简体   繁体   中英

Java DOM Parser reading xml files information - nodes attributes

I have got an xml file and try to read in some information and try to arrange them. The data in the xml looks like:

    <Class code="1-10" kind="category">
        <Meta name="P17b-d" value="2"/>
        <SuperClass code="1-10...1-10"/>
        <SubClass code="1-100"/>
        <Rubric kind="preferred">
            <Label xml:lang="de" xml:space="default">Klinische Untersuchung</Label>
        </Rubric>
    </Class>

and my Java class looks like:

import java.io.File;
import javax.xml.parsers.DocumentBuilderFactory;
import javax.xml.parsers.DocumentBuilder;
import org.w3c.dom.Document;
import org.w3c.dom.NodeList;
import org.w3c.dom.Node;
import org.w3c.dom.Element;

public class Importer {

   public static void main(String[] args) {

      try {
         File inputFile = new File("ops2022.xml");
         DocumentBuilderFactory dbFactory = DocumentBuilderFactory.newInstance();
         DocumentBuilder dBuilder = dbFactory.newDocumentBuilder();
         Document doc = dBuilder.parse(inputFile);
         doc.getDocumentElement().normalize();
         NodeList nList = doc.getElementsByTagName("Class");
         
         for (int temp = 0; temp < 10; temp++) {
            Node nNode = nList.item(temp);
            System.out.println("\nCurrent Element :" + nNode.getNodeName() );
            Element iElement = (Element) nNode;
            if (nNode.getNodeType() == Node.ELEMENT_NODE && iElement.getAttribute("kind").equals("category")   ) {
               Element eElement = (Element) nNode;
               System.out.println("code : " 
                  + eElement.getAttribute("code"));
               System.out.println("Label : " 
                  + eElement
                  .getElementsByTagName("Label")
                  .item(0)
                  .getTextContent());
               System.out.println("SuperClass : " 
                  + eElement
                  .getElementsByTagName("SuperClass")
                  //I don't know how to get the attribute code here
                  );
            } 
         }
      } catch (Exception e) {
         e.printStackTrace();
      }
   }
}

But how do I get the attribute's information of the "SuperClass" Node?
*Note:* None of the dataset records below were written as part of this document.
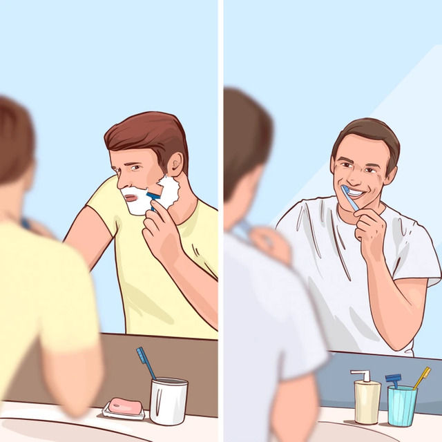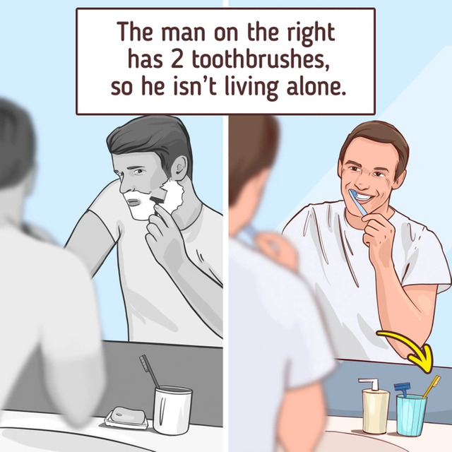 Cevap: Sağdaki kişinin banyosundaki bardakta ekstra bir diş fırçası daha var bu yüzden o kişinin birlikte yaşadığı birisi var.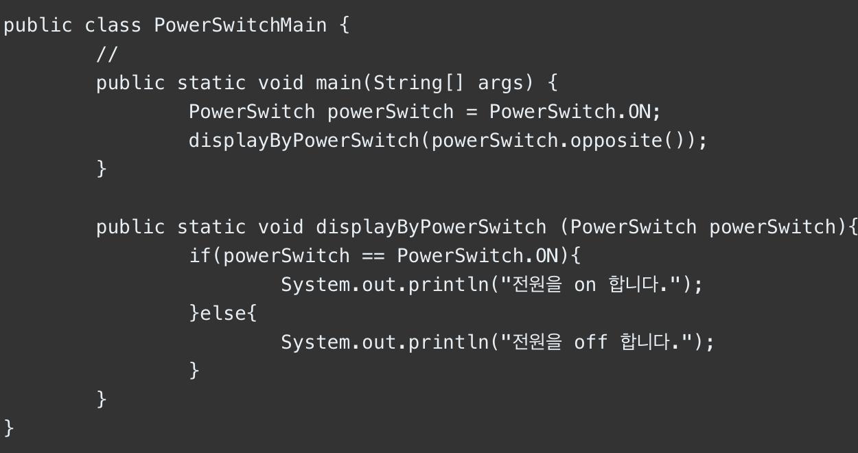 - 키워드 enum으로 구현의 의도가 열거임을 확실시
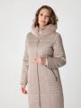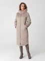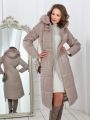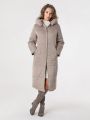 Описание: Женское зимнее темно-бежевое пальто больших размеров полуприлегащего силуэта от бренда dizzy way (Диззи вэй)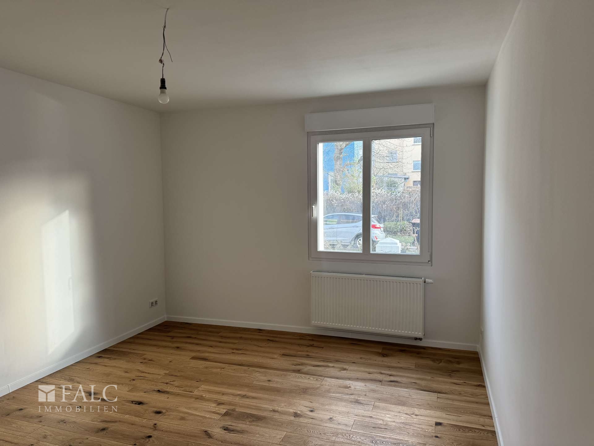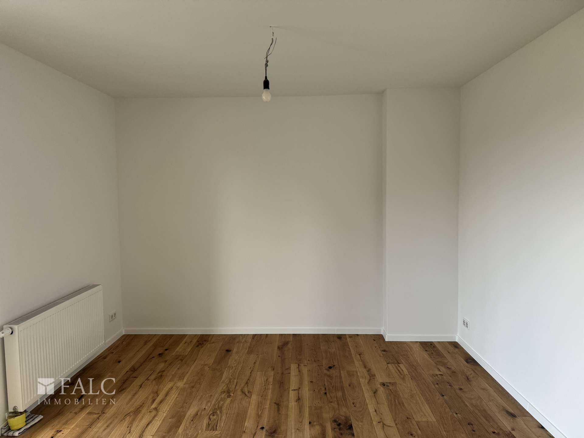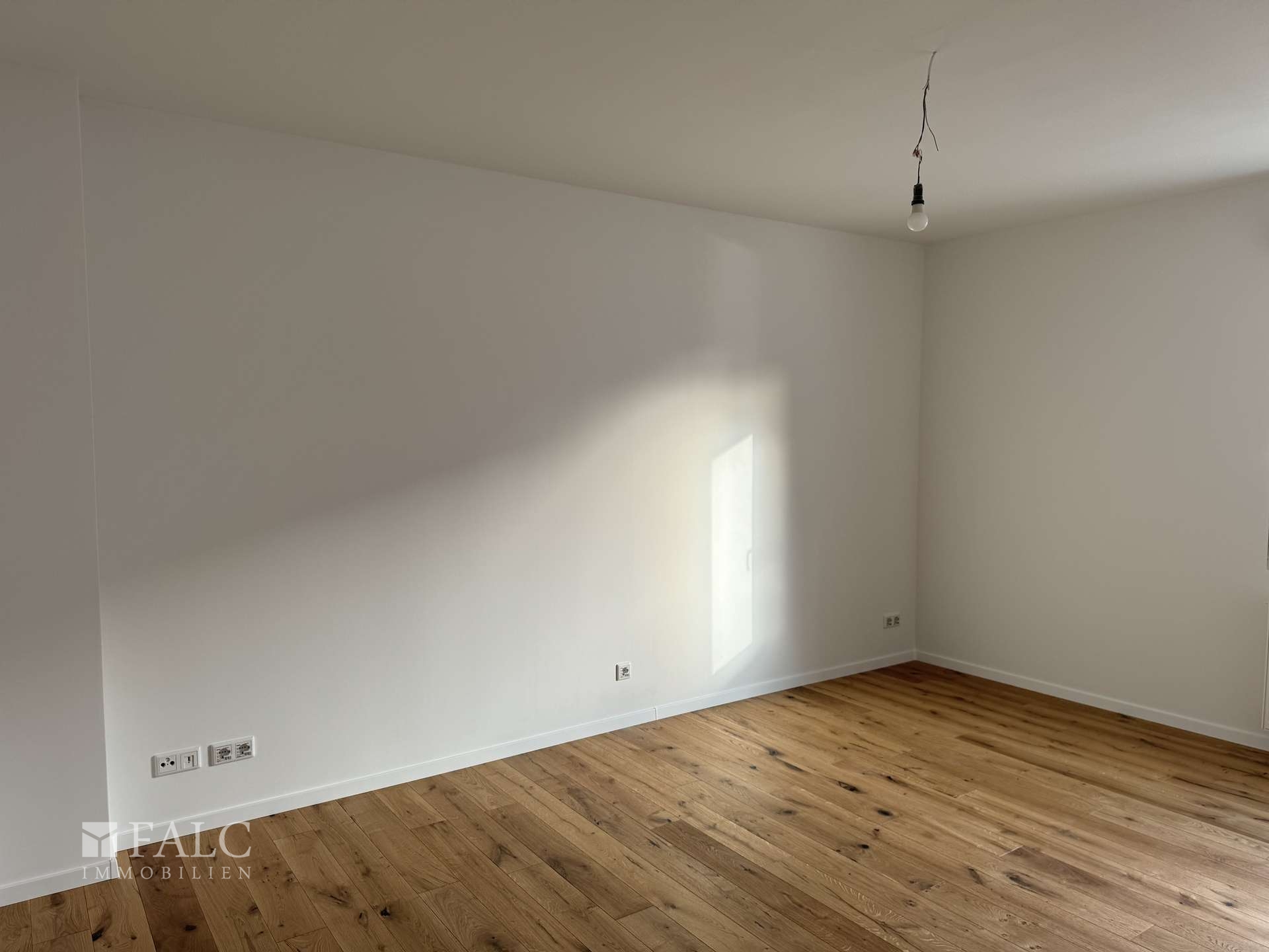 Rechts vom Flur befindet sich das nach Osten ausgerichtete Schlafzimmer, welches morgens von sanftem Tageslicht durchflutet wird. Durch die dreifach verglasten Fenster ist der Raum hervorragend schallisoliert und ermöglichen eine ungestörte Nachtruhe.

Idon't know why but java handles eElement.getAttributeNode("SuperClass") as a node, although it is an Element. So I can't use the getAttribute().

I added the code in your answer (@Hiran Chaudhuri) to get my needed information:

import java.io.File;
import javax.xml.parsers.DocumentBuilderFactory;
import javax.xml.parsers.DocumentBuilder;
import org.w3c.dom.Document;
import org.w3c.dom.NodeList;
import org.w3c.dom.Node;
import org.w3c.dom.Element;

public class Importer {

   public static void main(String[] args) {

      try {
         File inputFile = new File("ops2022.xml");
         DocumentBuilderFactory dbFactory = DocumentBuilderFactory.newInstance();
         DocumentBuilder dBuilder = dbFactory.newDocumentBuilder();
         Document doc = dBuilder.parse(inputFile);
         doc.getDocumentElement().normalize();
         NodeList nList = doc.getElementsByTagName("Class");
         
         for (int temp = 0; temp < 10; temp++) {
            Node nNode = nList.item(temp);
            System.out.println("\nCurrent Element :" + nNode.getNodeName() );
            Element iElement = (Element) nNode;
            if (nNode.getNodeType() == Node.ELEMENT_NODE && iElement.getAttribute("kind").equals("category")   ) {
               Element eElement = (Element) nNode;
               System.out.println("code : " 
                  + eElement.getAttribute("code"));
               System.out.println("Label : " 
                  + eElement
                  .getElementsByTagName("Label")
                  .item(0)
                  .getTextContent());
               System.out.println("SuperClass : " 
                  + eElement
                  .getElementsByTagName("SuperClass")
                  Node n = eElement.getElementsByTagName("SuperClass").item(0);
               if (n instanceof Attr) {
                   Attr a = (Attr)n;
                   System.out.println(a.getName());
                   System.out.println(a.getValue());
               } 
                  );
            } 
         }
      } catch (Exception e) {
         e.printStackTrace();
      }
   }
}

And I get the following

----------------------------

Current Element :Class

Current Element :Class

Current Element :Class
code : 1-10
Label : Klinische Untersuchung

and if I add another else clause like

else {
                   Attr a = (Attr)n;
                   System.out.println(a.getValue());
               }

java throws the following error:

java.lang.ClassCastException: class com.sun.org.apache.xerces.internal.dom.DeferredElementImpl cannot be cast to class org.w3c.dom.Attr (com.sun.org.apache.xerces.internal.dom.DeferredElementImpl and org.w3c.dom.Attr are in module java.xml of loader 'bootstrap')
    at Importer.main(Importer.java:46)

.

With Element.getAttributeNode() you do receive a subclass/subinterface of Node called Attr. This Attr has getName() and getValue() methods that you should be interested in.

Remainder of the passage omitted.